I am showing two images because the first has the best people and the second has better buildings. When prompting an art generating program, it takes persistence and cleverness to get good adherence to a complex prompt. BTW, did you notice the figure with wings on backward?

Models and Styles

Leonardo AI (henceforth Leo) has thirteen Models or Presets and each has a number of Styles, as many as 23. This is a list of the 13, with the number of Styles each includes, and the cost in credits per four images, the usual number. The free program assigns 150 credits daily. It is easy to use them up pretty fast! The basic monthly subscription assigns 8,500 credits per month for $12. These pile up fast unless you are very active. I wish there were an in-between subscription level such as 3,000 credits for $5.

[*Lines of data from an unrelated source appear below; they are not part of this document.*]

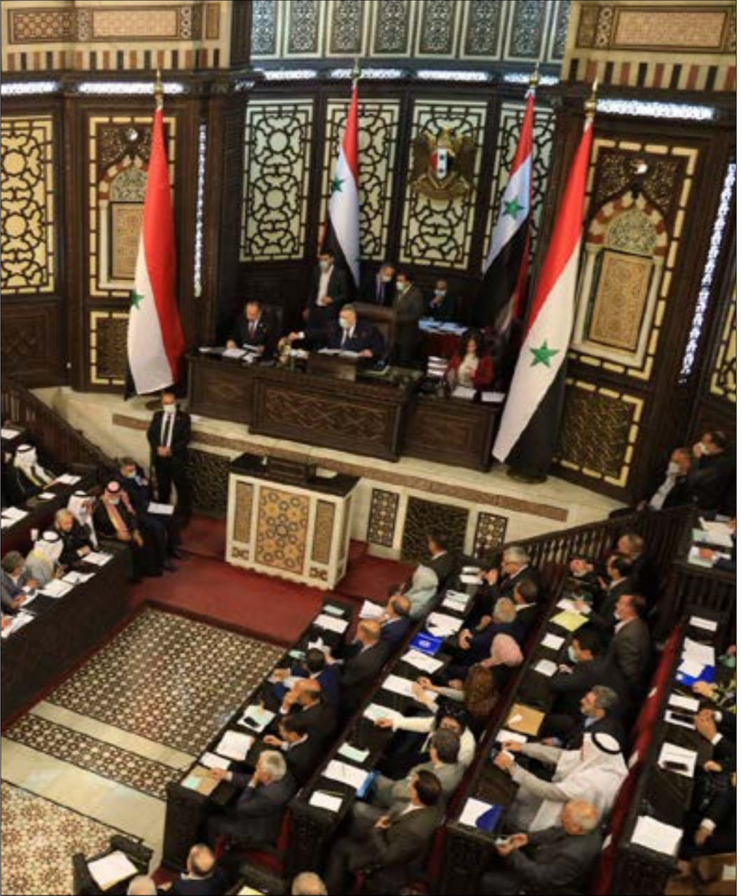
من إحدى جلسات مجلس الشعب السوري السابقة
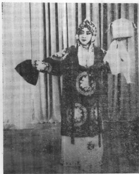
《穆桂英挂帅》中饰穆桂英
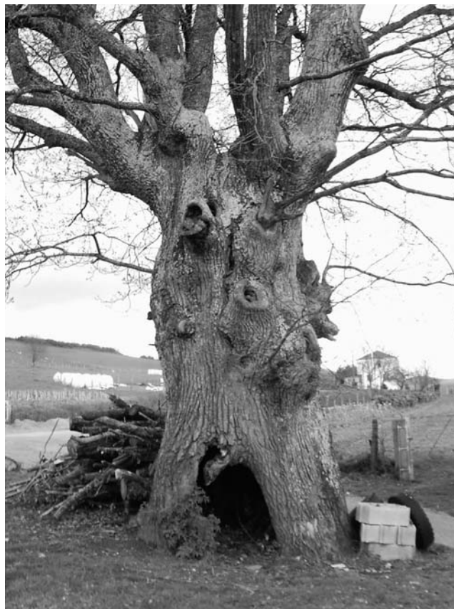
Figura 11. Carballo híbrido da Praza do Campo de Quindous (Cervantes, Lugo)
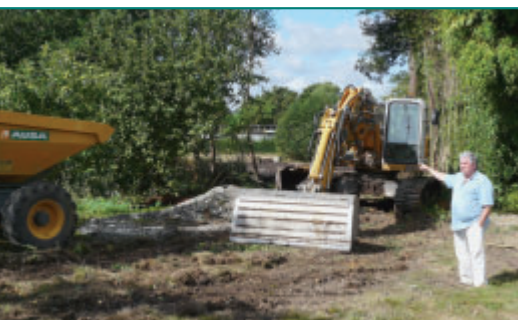
Christian Rivaud, Adjoint à l'urbanisme, a veillé au bon déroulement des travaux.

site de ces travaux. Cet ouvrage d'un coût de 120 000 € H.T. permettra à une vingtaine de foyers Boscéens d'être reliée au réseau d'assainissement collectif ●
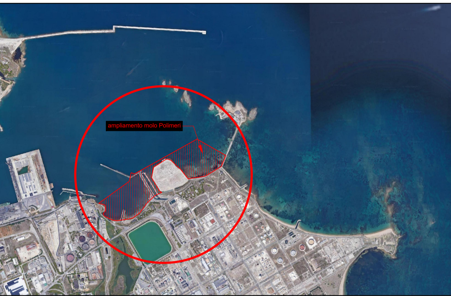
ORTOFOTO - PORTO DI BRINDISI - SCALA 1:25.000
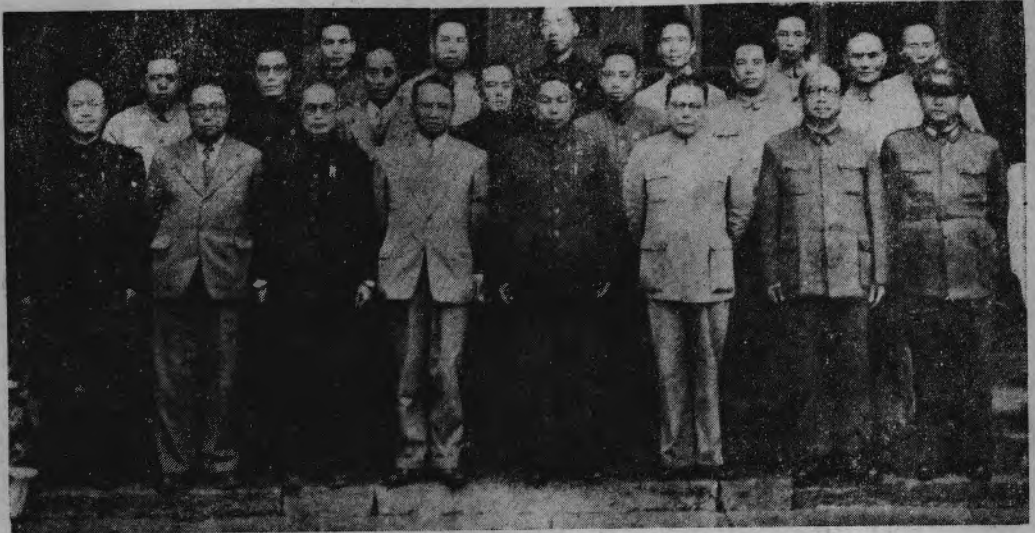
右至左： 保安副司令 馬守授 省府秘書長 葛單 省教育廳長 陳去惑 省農林廳長 譚克敏 省建設廳長 向震 省財政廳長 謝傑民 省民政廳長 袁政斌 省新聞處長 吳開勛 省人事處長 鄧崇津 省府秘書長 楊森 省田賦處長 李御良 省衛生處長 賈智欽 省建設廳長 何輯五 省廳長 齊衛蓮 省府秘書長 楊文泉 省府秘書長 李實 省府秘書長 譚啓棟 省府秘書長 梅光復 省府秘書長 傅啓學 省府秘書長 陳光煇 省府秘書長 周達時
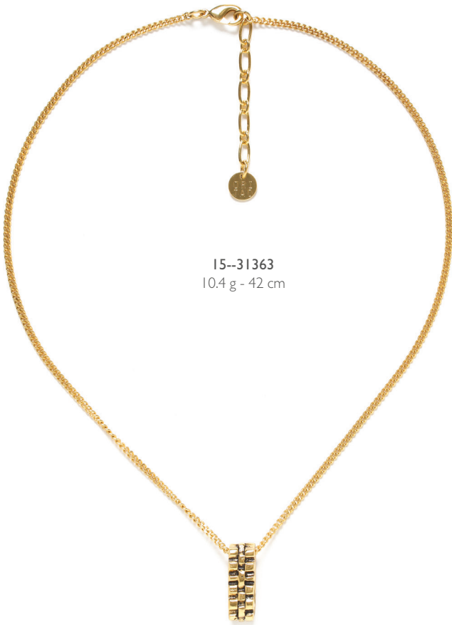
15--31363 10.4 g - 42 cm
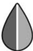
改正前の高齢運転者標識
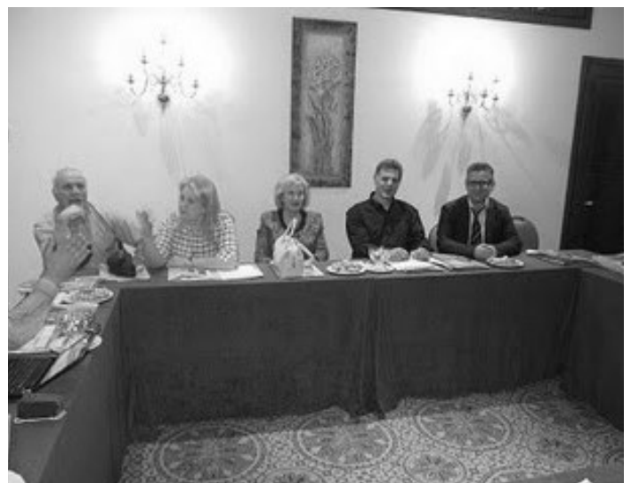
Φωτογραφίες από την 8η Συνάντηση των Ενώσεων Καταναλωτών στη Βόρεια Ελλάδα.
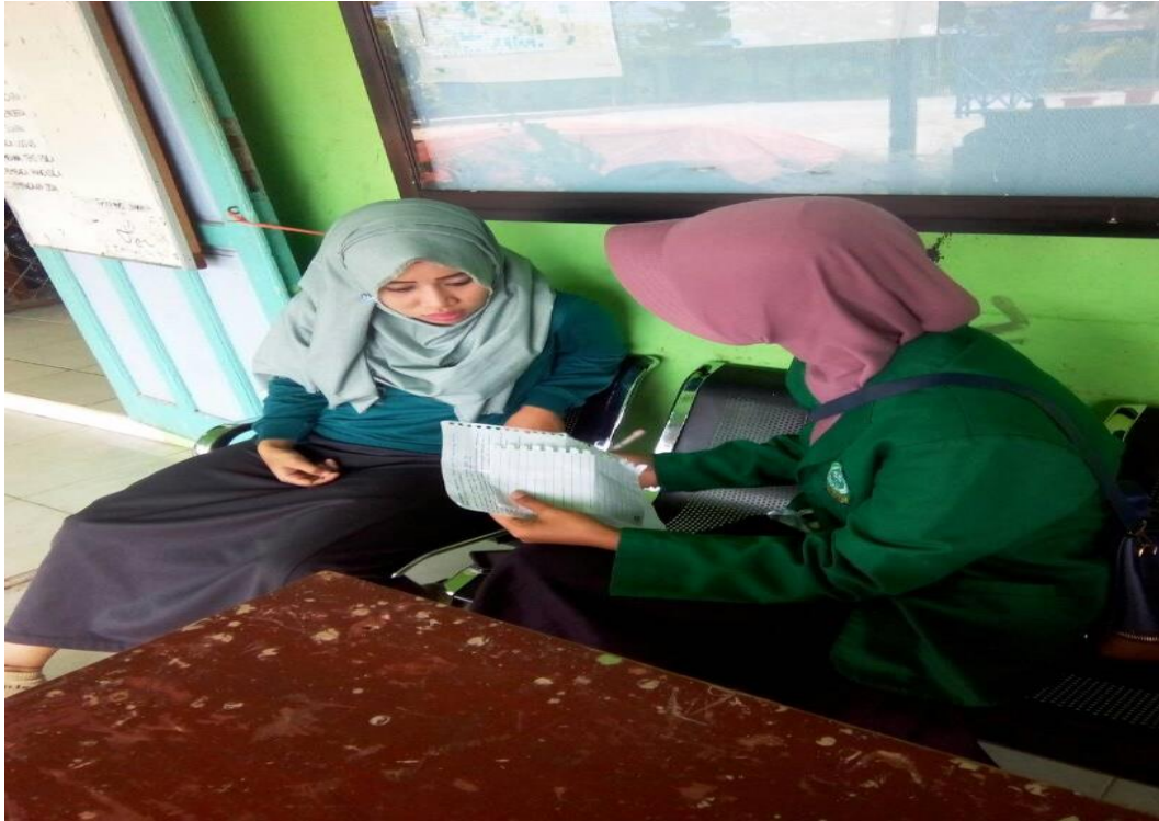
Foto saat wawancara dengan siswa
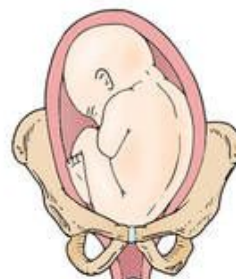
Left sacrum anterior (LSA)
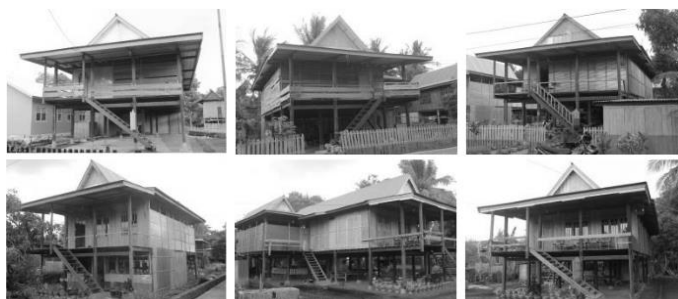
Gambar 4. Prototipe rumah-rumah berarsitektur tradisional Bugis di jalan poros Desa Enrekeng, Kecamatan Ganra Kabupaten Soppeng, Sulawesi Selatan

Gambar 4 di atas memperlihatkan prototipe tampilan fasade arsitektur tradisional Bugis, bangunan berpanggung, beratap bentuk pelana bahan seng gelombang, dinding perpaduan bahan papan kayu, dan kaca, dan bertangga kayu. Walaupun demikian penerapan konsep-konsep nilai kearifan lokal masih dapat dijumpai, mulai dari pemilihan material bangunan, menentukan lokasi bangunan, proses konstruksi, mendirikan bangunan, dan naik "rumah baru".
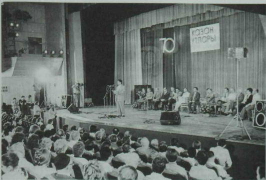
Әхмәт Галиев «Казан утлары» журналының юбилей кичәсендә чыгыш ясып. 1992 ел.
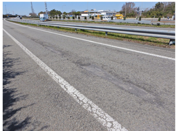
【牧之原 SA(下り)ランプ損傷状況】
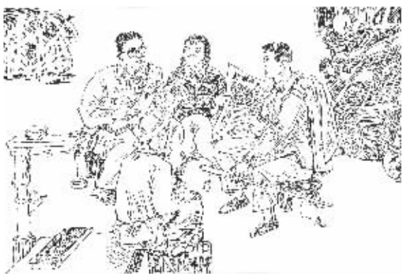
新湖南报记者在菜市场采访。画/刘谦
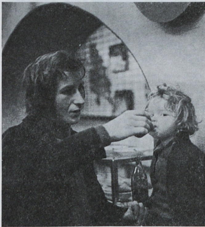
V Supermarketu: Dekletce je premagala nepotolažljiva žej

Smelo moramo pristopiti k uresničevanju letošnjih načrtov in obveznosti. Nekoliko smo zanemarili osnovno reprodukcijo. Naše podjetje je dolžno
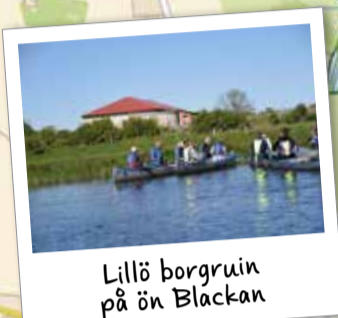
Lillö borgruin på ön Blackan
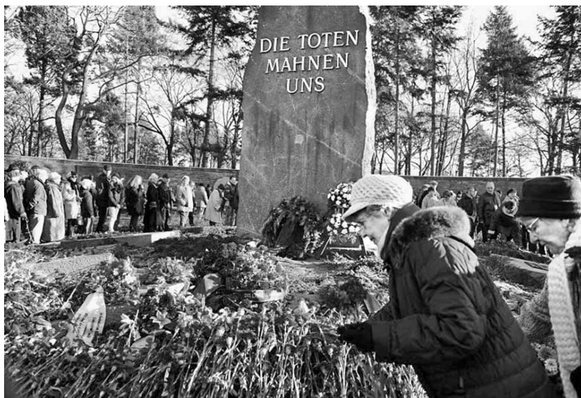
Ofrena de flors, a càrrec del partit socialista Die Linke, al 'Memorial dels Socialistes'

lisme, el poder dels bancs, la intenció del govern Merkel d'establir un govern econòmic europeu, l'impopular subsidi d'atur de llarga durada Hartz IV i els minijobs . El bloc més nombrós va ser el que formaven les bases de Die Linke, seguit pel Partit Comunista Alemany (DKP). Es va poder veure gent gran amb parques marrons i casquet de pell o ushanka russa, amb banderes de la República Soviètica de Baviera i de la RDA. També hi havia un grup de joves de prop de 30 anys amb camises blaves de la FDJ (l'or-
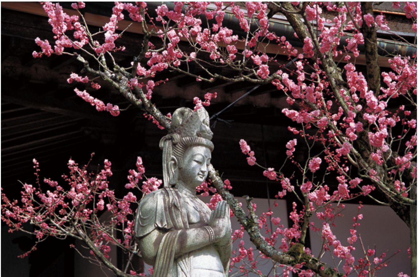
高野山 大円院の横笛の紅梅

The total number of Styles is 61, and the number of Model+Style combinations is 194. I did not quite use them all. Several Styles are named Monochrome or include B&W in their name and those don't interest me.

Seeds

Leo also has the option of using a fixed Seed. Leo's help text says that this Seed is used to generate the "noise" that the reverse-diffusion process starts with to produce an image. That is not all there is to it, because the Seed value also influences the Transformer (the routine that figures out object identity and placement, which defines the goal toward which the diffusion algorithm operates). Seeds in Leo (also DreamStudio) have six digits.

When I set a fixed Seed, I tend to pick Seed values that are a multiple of 999,999/7 or 999,999/13, all of which have six digits except 999,999/13, which is 76923. After a period of noodling around, I found the region around 428571 (3*999,999/7) most interesting and settled on 428575. All the images shown here were produced using this Seed.

Selection 1: Leonardo Lightning Style Gallery

No matter how I may group the images, it would be tedious for the reader to wade through a discourse on 184 images. Thus I picked certain themes. I chose primarily certain Styles across all the Models, but I will start by showing the gamut of Styles for the Model called Leonardo Lightning (or LLightning), which runs faster than the others and costs the least—two credits per Medium-size image (1280x720), while for most Models the cost is 3 or 4, and it goes up to 12, and even higher where larger images are available in certain Models.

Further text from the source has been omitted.